It looks like prime1, prime2 and some other stuff are pretty short. I guess this is what he meant by "half the key" is messed up.

By the way this is what a RSA PrivateKey should look like:

> RSAPrivateKey ::= SEQUENCE {
version Version,
modulus INTEGER, -- n
publicExponent INTEGER, -- e
privateExponent INTEGER, -- d
prime1 INTEGER, -- p
prime2 INTEGER, -- q
exponent1 INTEGER, -- d mod (p-1)
exponent2 INTEGER, -- d mod (q-1)
coefficient INTEGER, -- (inverse of q) mod p
otherPrimeInfos OtherPrimeInfos OPTIONAL
}

So this is what exponent1, exponent2 and coefficient are. Just additional information so that computations are faster thanks to CRT.

the partial key and alice public key seems to share the same modulus. this is vulnerable. If our public/private exponents are not messed up, this means we can factor the modulus and thus inverse Alice's public key.

Let's retrieve all the info we have and put them in a file:

openssl rsa -pubin -in alice.pub -modulus -noout | sed 's/Modulus=//' | xclip -selection c

Here's the modulus. We know that our public key is 3, let's get the private key in the clipboard as well

here I parse mykey.pem with openssl. I select the lines I want with grep. It returns two results, the modulus and the private key. I select only the second line with tail. I select only the 7th column with awk. I remove the : with sed. And now I have a beautiful integer in my clipboard.

Okay so let's do a bit of Sage now:

# let's write the info we have
modulus = int(0xC6C83529A2388F146365C5F5FD4B0D888961B95DE10FFA8853A3C2CBED750E9959BD0FF872C2232F6BAD32624F356A82D062755E1E4FEDAE54E8CA2471FC8D13AC700EE25720D4D9089FD6FBD42F12E6A41E1C1DE81F578C32132AD08594E851841D0239CD410DEF11D1C15EE75B92F86A04F7C6C7F36B9046B8FB2FE29565B1)
public = 3
private = int(0x848578C66C25B4B84243D94EA8DCB3B05B967B93EB5FFC5AE26D2C87F3A35F10E67E0AA5A1D6C21F9D1E2196DF78F1AC8AEC4E3EBEDFF3C98DF086C2F6A85E0BEFC0CA19C5E2495549FEE52E513E7BE9F22207D24B847FBB0CB5BAB795C690053E652D11539A2D960FEADECB9B175487000F7812CEACF5DB83301606CC357DA3)
# now let's factor the modulus
k = (private * public - 1)//2
carre = 1
g = 2
while carre == 1 or carre == modulus - 1:
g += 1
carre = power_mod(g, k, modulus)
p = gcd(carre - 1, modulus)
print(p)

This does not work. This should work.

Let's re-do the maths:

We know that our private and public keys cancel out. This is RSA:

private * public = 1 mod phi(N)

so we have private * public - 1 = 0 mod phi(N)
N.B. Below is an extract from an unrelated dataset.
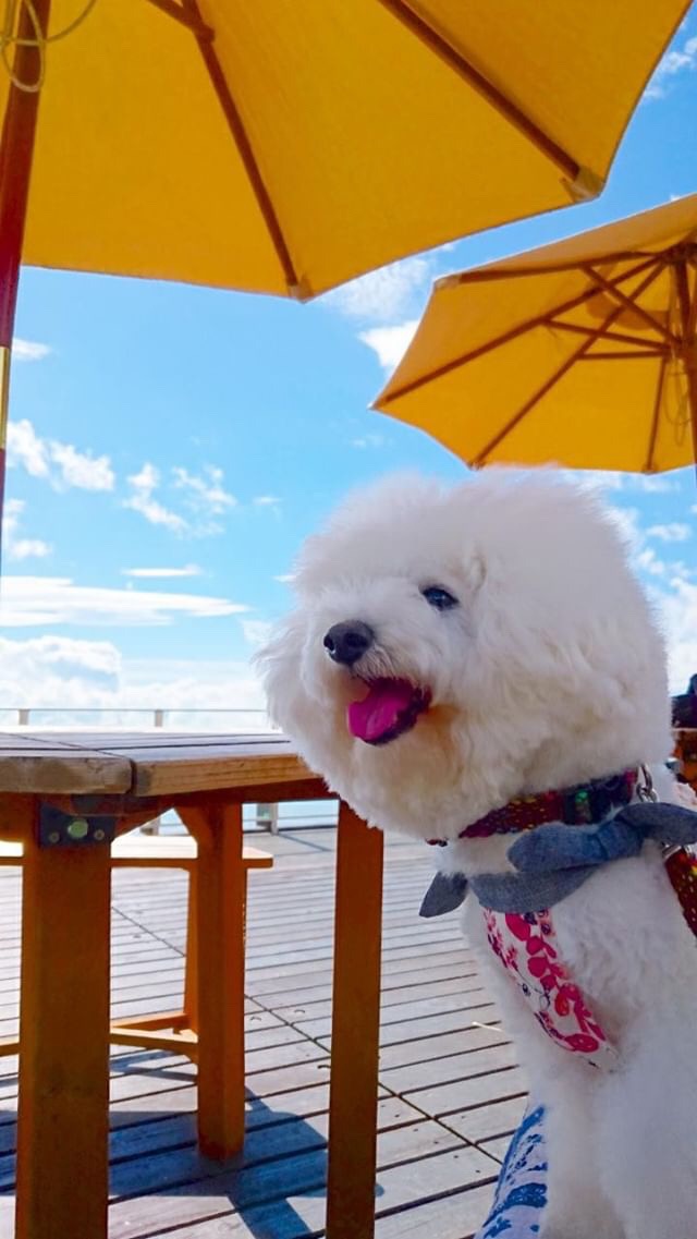 風が涼しいので、暑いのが苦手なワンちゃんもSORA terraceにあるパラソルの日陰に入れば、とても心地よく過ごせます。青空の下で風を感じて、ワンちゃんも気持ちよさそうです。
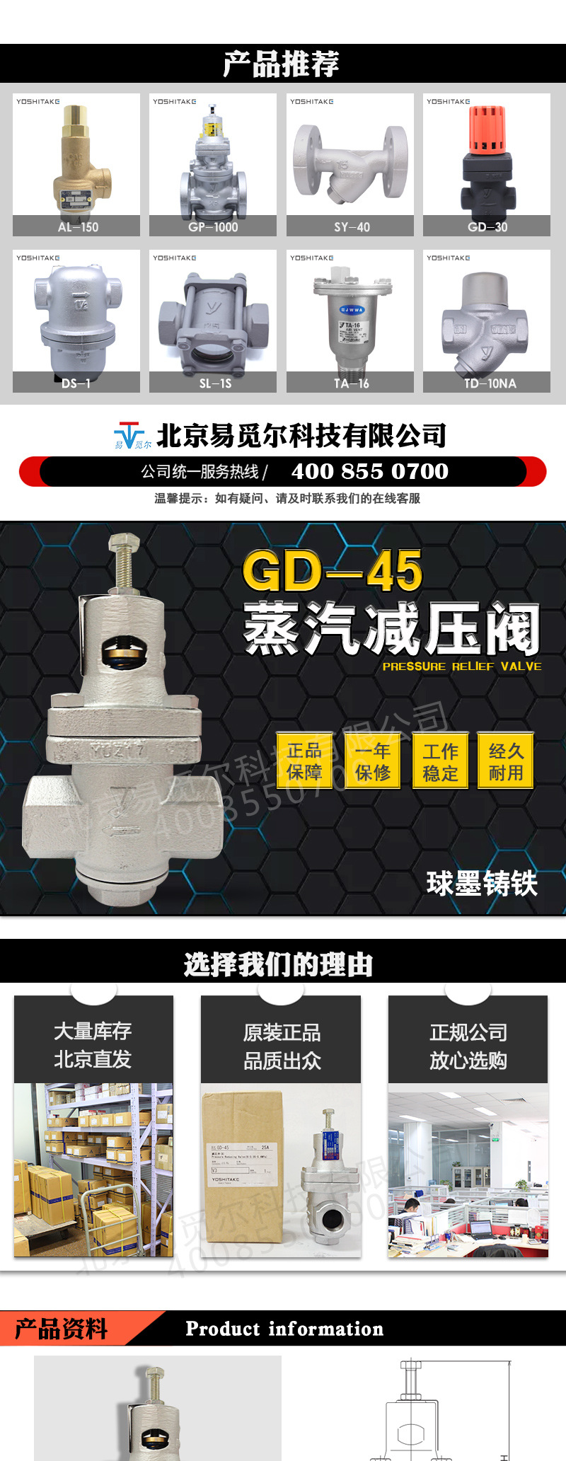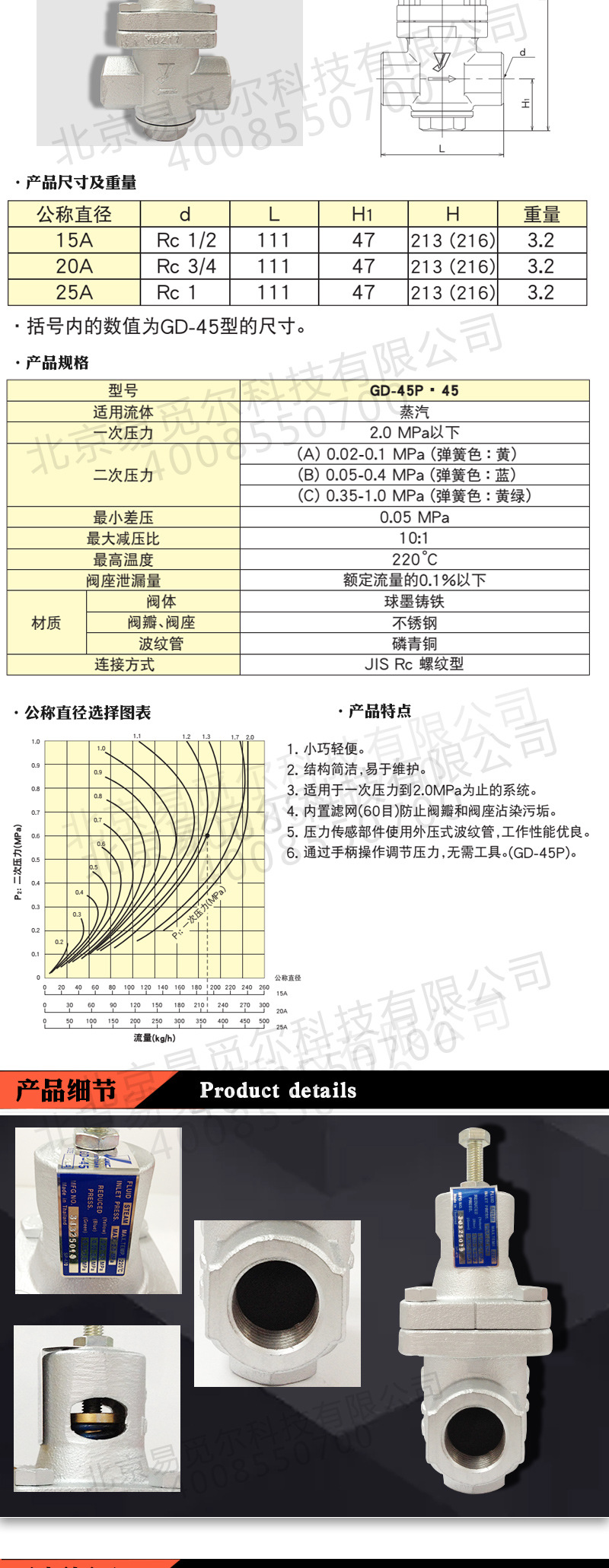 GD-45减压阀采用直动型,属小型轻量的蒸汽减压阀,内装过滤网避免由杂质引起的故障,容易安装及操作。

So for any g in our ring, we should have g^(private * public - 1) = 1 mod N

This is how RSA works.

Let's write it like that: private * public - 1 = k with k a multiple of phi(n). And we know that phi(n) = (p-1)(q-1) is even. So it could be written like this: k = 2^t * r with r an odd number.

Now if we take a random g mod N and we do g^(k/2) it should be the square root of a 1.

The Chinese Remainder Theorem tells us that there are 4 square roots mod N:

1 mod p

-1 mod p

1 mod q

-1 mod q

and two of them should be 1 mod N and -1 mod N. The 2 others should be different from 1 and -1 mod N. That's what I was trying to find in my code.

Once we have found this x mod N which is a square root of 1 mod N, we know that it is either x = 1 mod p or x = -1 mod p.
If we are in the first case, we shoudl have x - 1 = 0 mod p which translates into x - 1 is a multiple of p.
Doing gcd(x - 1, N) should give us p the first prime. If you don't understand it maybe check Dan Boneh's explanation (proof end of page 3) which should be clearer than mine.

With p it's easy to get q the other prime.

But it doesn't work...

Ah! I forgot that g^(k/2) could equal 1 all the time if k/2 were to be a multiple of phi(n). So let's code a loop that divides k by 2 and tries any g^k until it is giving us something else than 1. Then we know how many times we have to divide k by 2 so it's not a multiple of phi(n) anymore.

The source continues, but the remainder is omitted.